Что же, по мнению Спинозы, послужило причинами разрушения государства, имевшего столь прочные основания? Почему евреи столько раз отпадали от закона, почему столько раз они были порабощаемы и почему, наконец, государство могло быть совершенно уничтожено?

Спиноза называет комплекс причин, отсылая к тексту Ветхого Завета.

Речь идет прежде всего о провиденциальной причине - воле бога к отмщению евреям.

Называемая некоторыми естественная причина, упорство (в мятежной склонности? - А. Ч.) как природное свойство народной психологии, национального (этнического) характера ложна, поскольку природа создает не нации, но индивидуумов. Индивидуумы же разделяются на нации только вследствие различия в языке, законах и усвоенных нравах; и только последние два фактора, т.е. законы и нравы, приводят к тому, что каждая нация имеет особенный характер, особенное положение и, наконец, особенные предрассудки. Поэтому Спиноза заключает, что ссылаться следует не на природное свойство нации, а на нравы и законы. Но если последние установил сам бог, то причина - в нем (!), а точнее, в том, что он осуществил некий план мщения, - но не за несоблюдение своих установлений, а, следуя логике Писания, за более раннее прегрешение, в свете чего сами установленные законы содержали в себе принцип мщения, были изначально недоброкачественны. Спиноза пишет: "Итак, если бы допустить, что евреи более остальных смертных были упорны, то последнее должно было бы поставить в вину законам или усвоенным нравам. И конечно, верно то, что если бы Бог хотел, чтобы их государство было более долговечным, то Он иначе установил бы права и законы и научил бы другому способу управления народом, поэтому, что иное мы можем сказать, кроме того, что они прогневили своего Бога не только, как говорит Иеремия (32:31), с основания города, но уже с установления законов? Об этом и Иезекииль (20:25-26) свидетельствует, говоря: "И я дал им учреждения недобрые и права, с которыми они не могли бы жить, и я осквернил их в их собственных приношениях ... чтобы разорить их, дабы они знали, что Я - Иегова"" Далее Спиноза поясняет, комментируя слова Иезекииля, что речь идет о передаче левитам священнических функций после того, как все, кроме них, поклонились тельцу. Спиноза заключает: "И я не могу достаточно надивиться тому, что в душе Небожителя было столько гнева, что Он самые законы, имеющие всегда целью только честь, благо и безопасность всего народа, дал с намерением отмстить за Себя и наказать народ, так что законы оказались не законами, т.е. благом для народа, но скорее наказаниями и мучениями.

Интерпретация Спинозой плана божественного отмщения сводится далее к тому, что этот план осуществляется как деградация нравственных устоев жизни еврейского государства.

Бог предсказывает Моисею, что народ Израиля отпадет от божественного культа: Ведь знаю, - говорит поэтому Моисей народу Израиля, - я твою мятежность и твое упорство.
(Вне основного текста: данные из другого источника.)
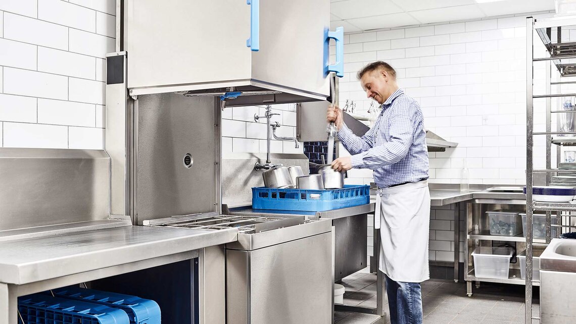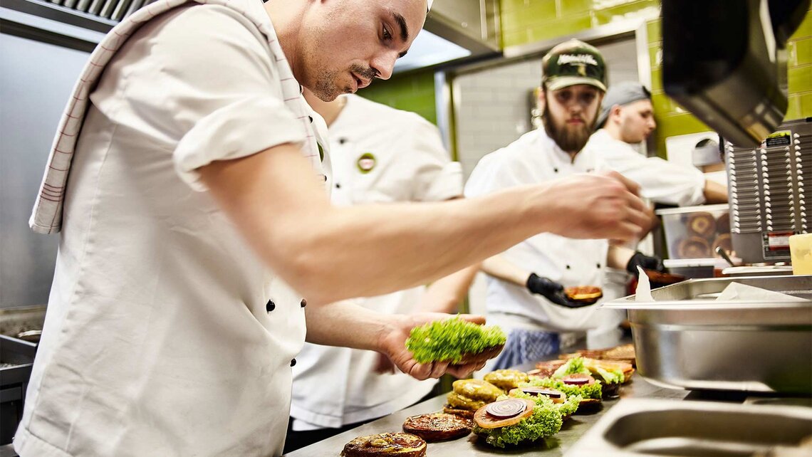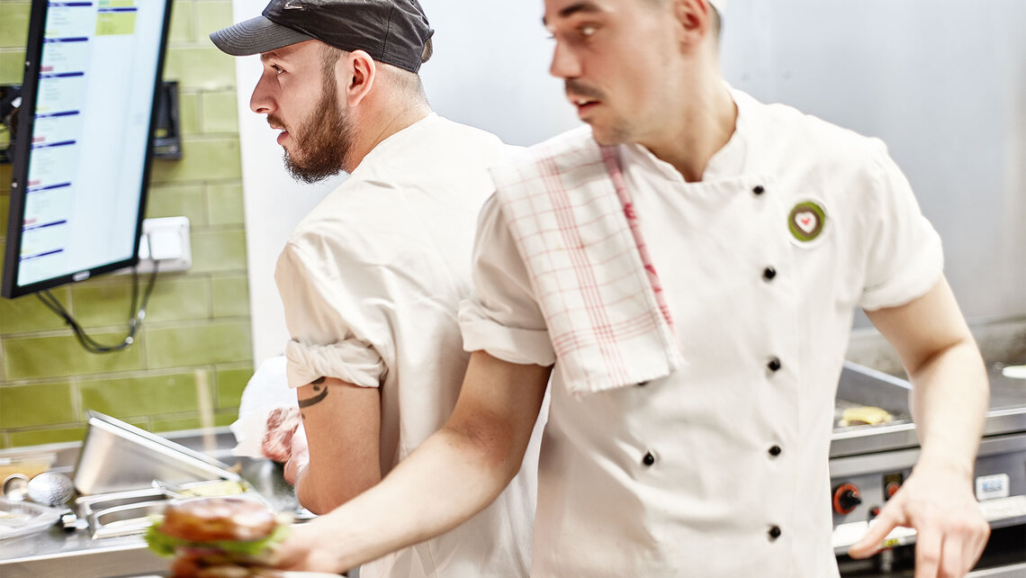 „Für mich bietet MEIKO hier die intelligentesten Lösungen“, so Sven Freystatzky, einer der Gründer und Geschäftsführer. Und eine Spültechnik, die sich leicht bedienen lässt. Für mehr Anwender- und damit Hygienesicherheit. Dafür sorgen in dem mittlerweile dritten Restaurant der Burgerkette zwei M-iClean U Untertischspülmaschinen und eine M-iClean H Haubenspülmaschine von MEIKO. Gerade Letztere überzeugt durch leichtere, ergonomische Bewegungsabläufe dank der integrierten Haubenautomatik. Ein sanftes Antippen genügt und die Haube der M-iClean H fährt herunter.
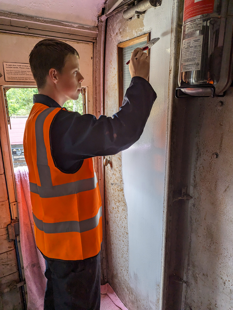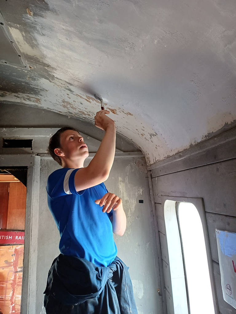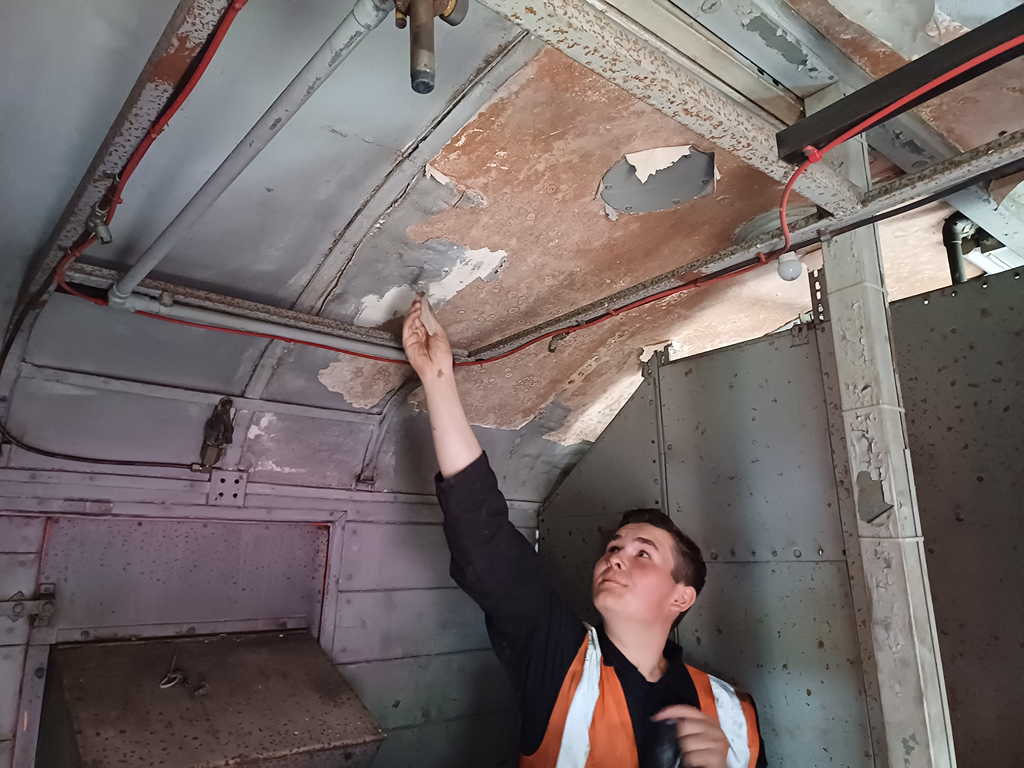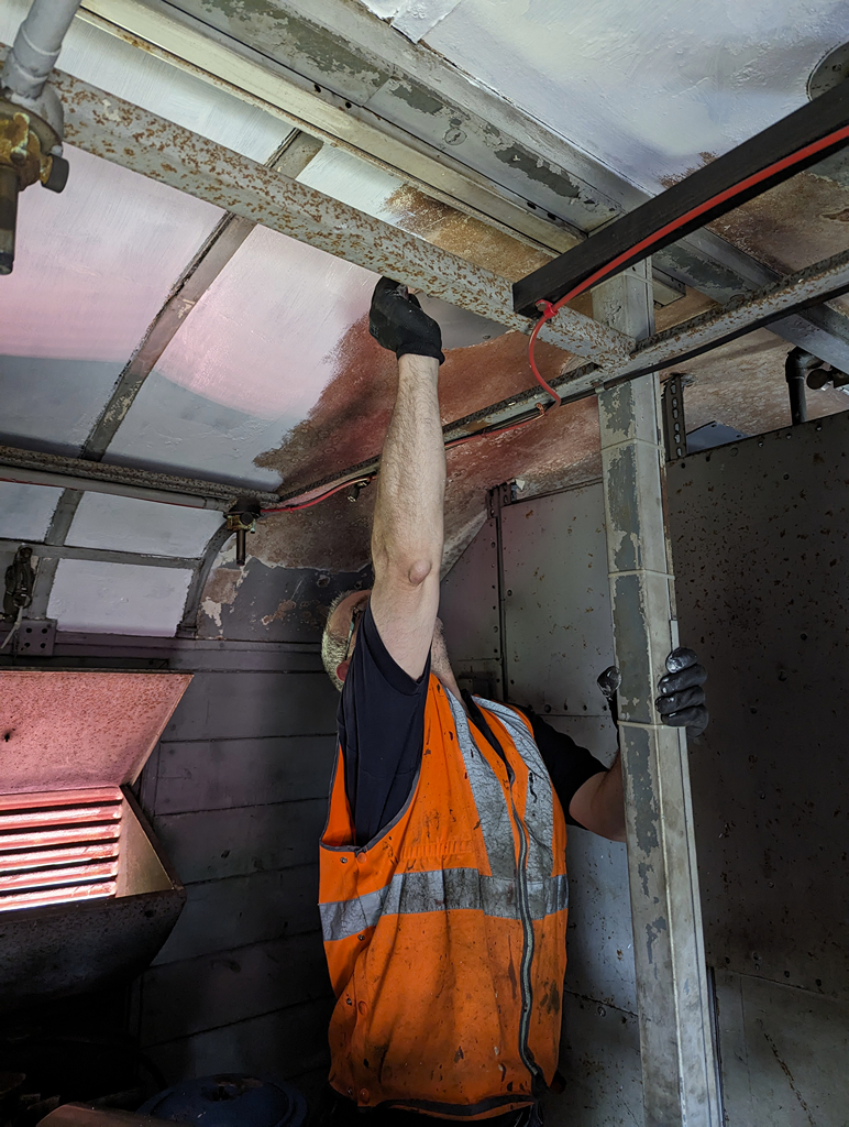 Come the weekend, Dave assisted by Thomas and Tom tidied the inside of the Test Car, even scraping the flaking paint from the generator compartment roof to then give it a fresh coat of white primer.

Если, пока Я с вами жил, вы были мятежниками против Бога, то гораздо более вы будете ими после Моей смерти. Поэтому не удивительно, по словам Спинозы, что в мирное время, когда явные чудеса прекратились, и не было людей с выдающимся авторитетом ... дух народа начал слабеть и, наконец, отпал от культа; отсюда большие перемены и большая распущенность во всем, роскошь и леность, благодаря которым все стало приходить в худшее состояние, пока они, часто порабощаемые, совершенно не нарушали божественного права и не захотели смертного царя, так, чтобы царским жилищем в государстве был бы не храм, но дворец.

Таким образом, вкратце объяснение причин гибели еврейского государства сводится у Спинозы к следующему: отвержение евреями бога (поклонение тельцу) стало причиной отверженности евреев - по причине провиденциального заложения в проект их государственного устройства принципа его деградации, реализующего план божьего отмщения избранному народу.
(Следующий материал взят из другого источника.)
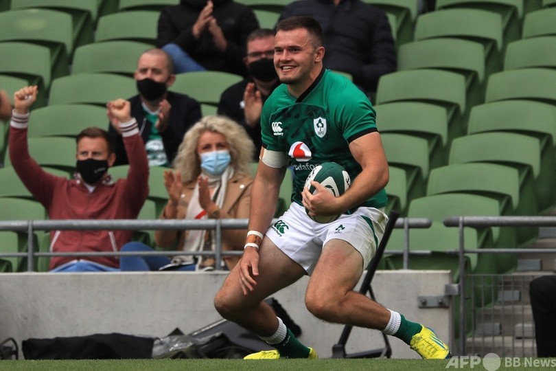 さらにコンバージョンキック4本を成功させたジョーイ・カーベリー(Joey Carbery)が、最後にペナルティーゴール2本を追加して日本を突き放した。(c)AFP
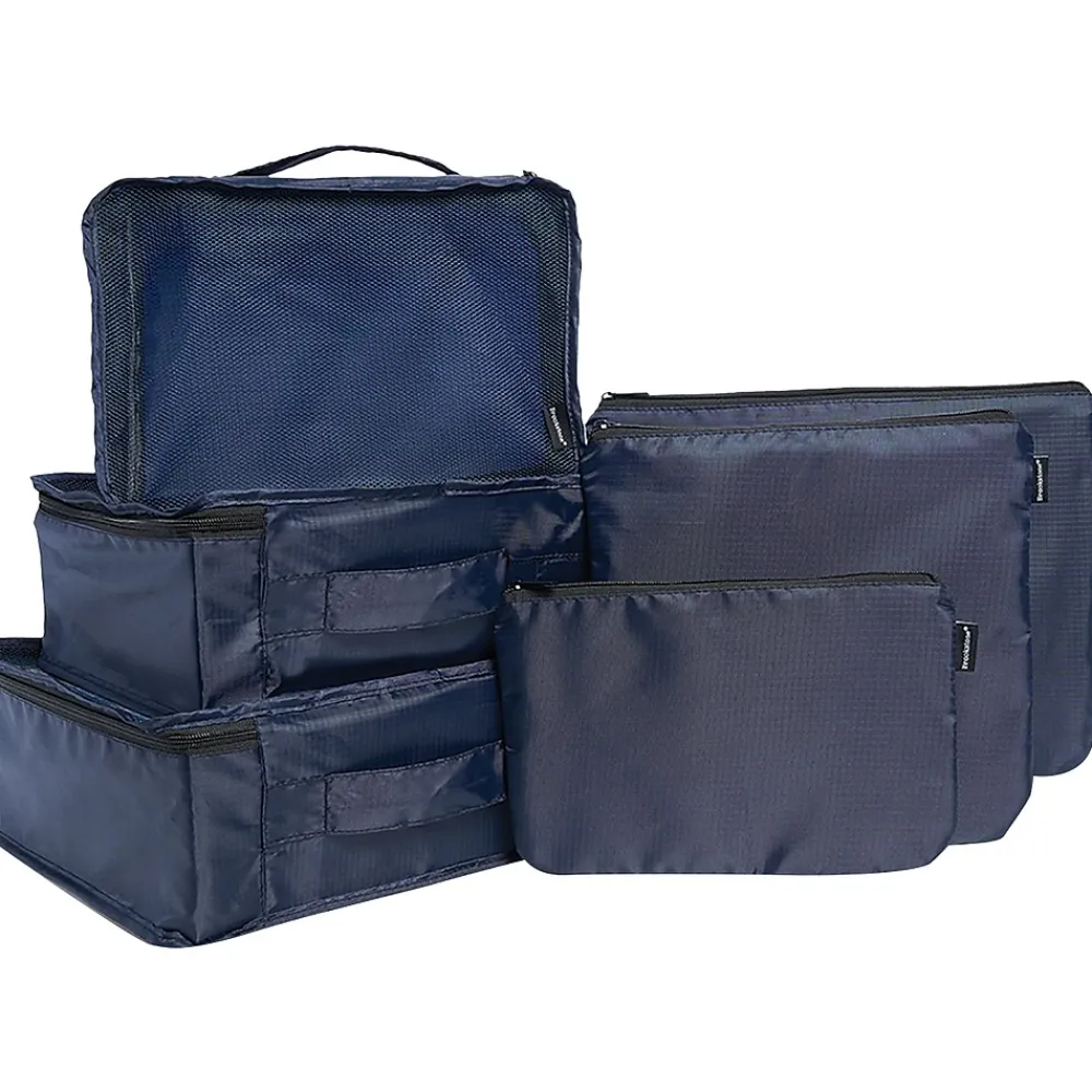 This Brookstone six-piece travel set is a handy and lightweight organization solution to overstuffed travel bags. Includes three pouches (small, medium, large) and three cubes (small, medium, large). Keep your travel essentials organized and neat for easy access.
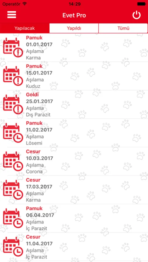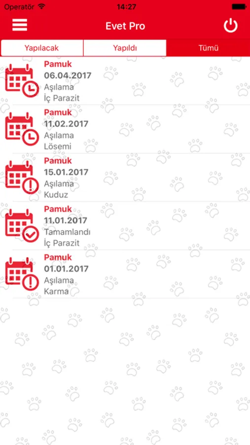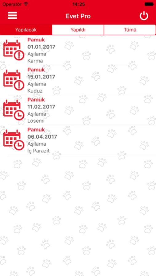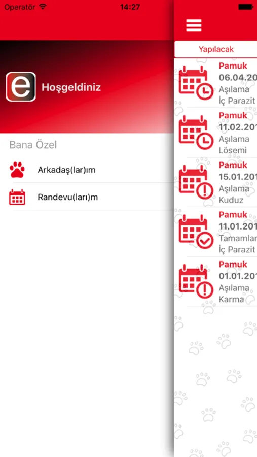 Aşı, operasyon ve diğer tüm randevularınızı E-vet Pro mobil uygulaması üzerinden takip edebilirsiniz.
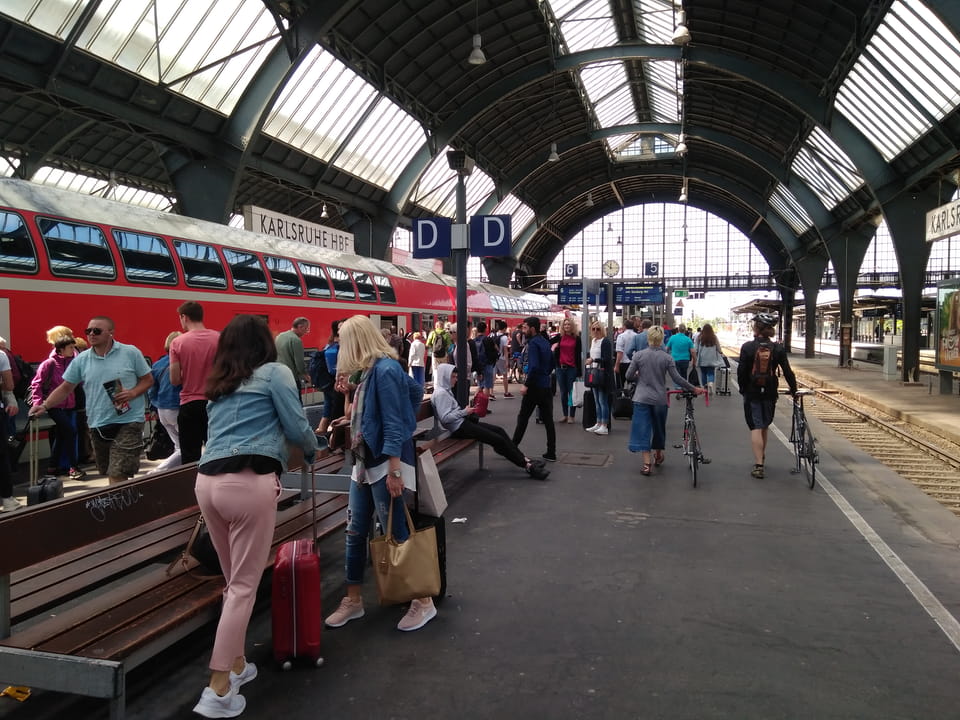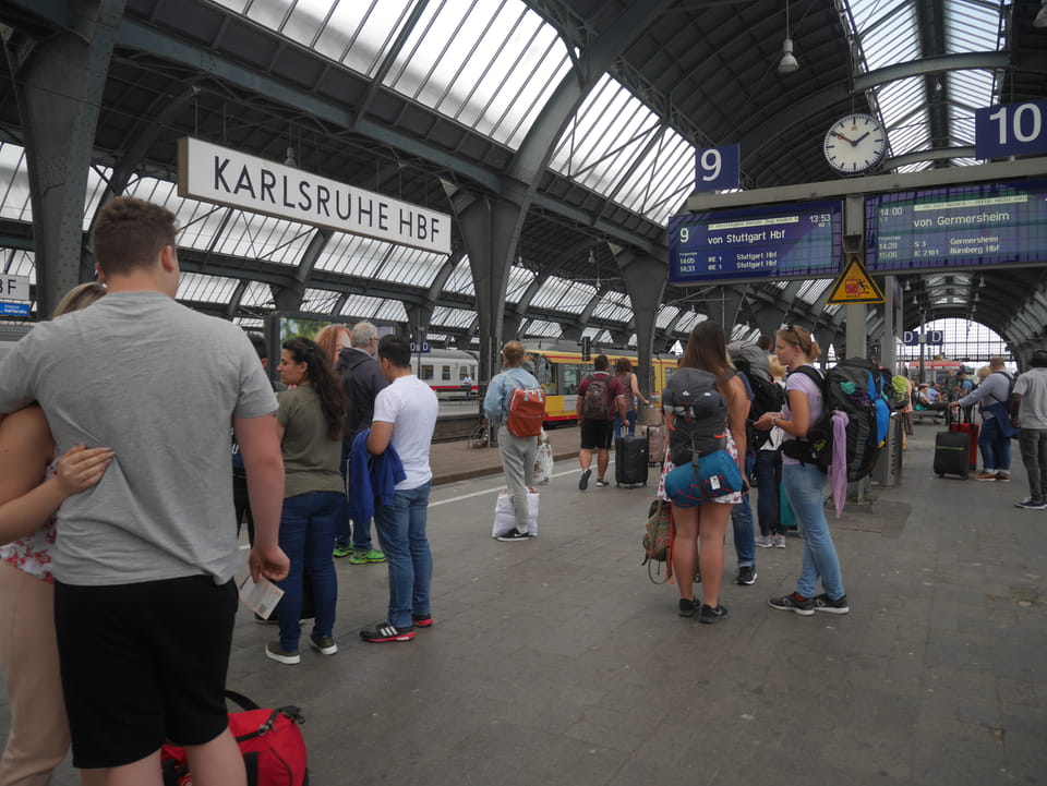 Um 10 war cih auf dem Bahnhof, 10:05 fuhr der Zug los. Zuerst musste ich nach Offenburg. Dort dann umsteigen nach Karlsruhe.

Если же говорить об основаниях, поддающихся рационализации, то Спиноза называет в качестве одной из главных причин извращение исходной теократической модели: первосвященники во Втором царстве получили власть постановлять решения и управлять делами государства; для того же, чтобы эта власть была вечной, они присвоили себе княжеское достоинство и, наконец, пожелали называться царями (тогда как в Первом государстве никакие декреталии не могли исходить от священника); после этого каждый из них начал искать личной славы, определяя все первосвященническим авторитетом и делая ежедневно новые постановления относительно церемоний, веры и всего прочего; они хотели, чтобы эти постановления были не менее священны и не менее авторитетны, чем законы Моисея; и вследствие этого религия смахивала на пагубное суеверие, и истинный смысл и толкование законов были извращаемы; и, наконец, первосвященники, пролагая себе путь к княжескому достоинству и желая привлечь к себе народ, приспосабливали Писание к дурным нравам последнего.
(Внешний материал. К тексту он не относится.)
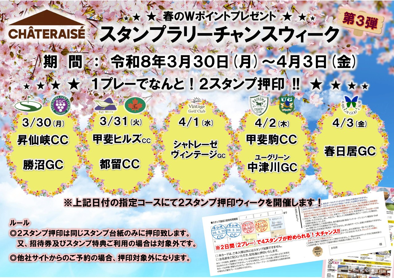 スタンプラリーイベントのご案内【指定日に指定ゴルフ場にてスタンプを2つ押印】
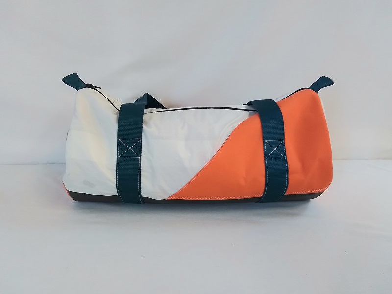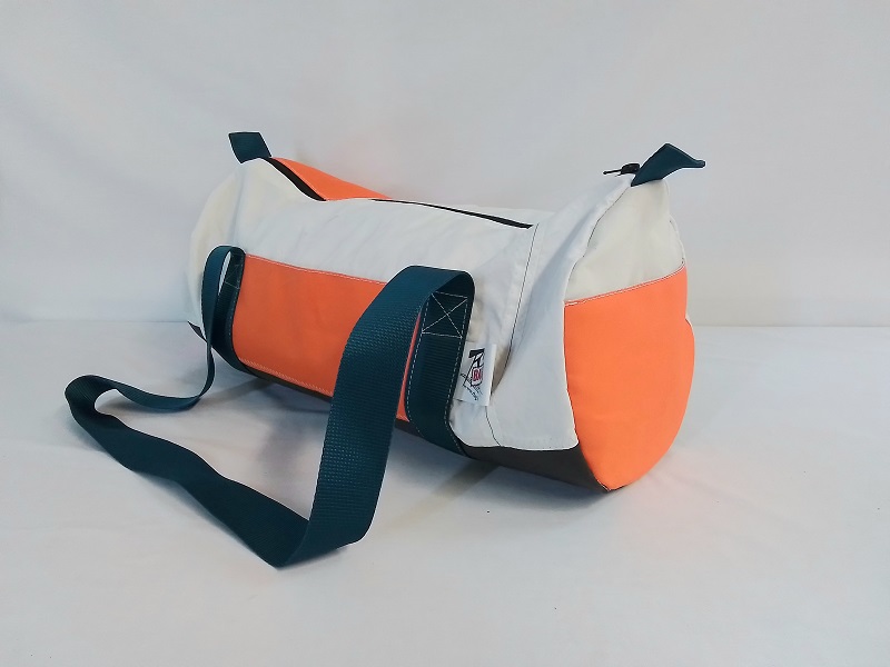 Petit sac skipper ou sac week-endDimensions : Longueur 52 cm, diamètre 27 cm.Matériaux recyclés : Corps en dacron et toile d'ombrage, doublé en dacron, fond en peau de zodiac2 anses larges de 4cmFermeture éclair équipée de tirettes à chaque extrémité.Poche frontale ouverte et une poche ouverte ...En savoir plus
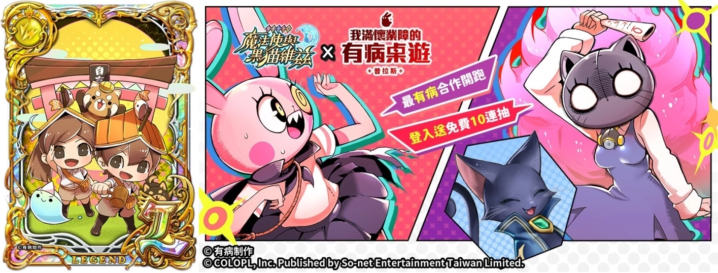 So-net 今(18)日公布《问答RPG魔法使与黑猫维兹》与台湾独立游戏团队「有病制作」开发的《有病》系列第三部作品《我满怀业障的有病桌游普拉斯》展开合作!活动期间推出限定合作关卡等玩家体验,另外还有限定转蛋、精灵等大家收藏。
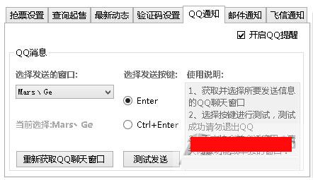 5、值得说明的是,如果是刷漏票就使用电脑识别好了,不必浪费远程打码的积分。对于刷漏票,用户还可以设置软件的提醒功能,有QQ、邮件及飞信三种方式,考虑到时效性,我建议使用QQ,如图所示:

Все это означает, что опыт теократии как того, что имеет иррациональное основание, отрицателен. Спиноза считает неоправданным желание подражать ветхозаветным евреям в политическом отношении. К тому же форма власти, существовавшая в Первом государстве? - только для тех, кто желает обособиться и вести изолированный, замкнутый образ жизни, но отнюдь не для тех, кому необходимо иметь общение с другими, - то есть он архаичен и неприемлем в современном мире (построенном на отношениях обмена). Этот опыт тем не менее поучителен, поскольку демонстрирует пагубность для государства следующих моментов.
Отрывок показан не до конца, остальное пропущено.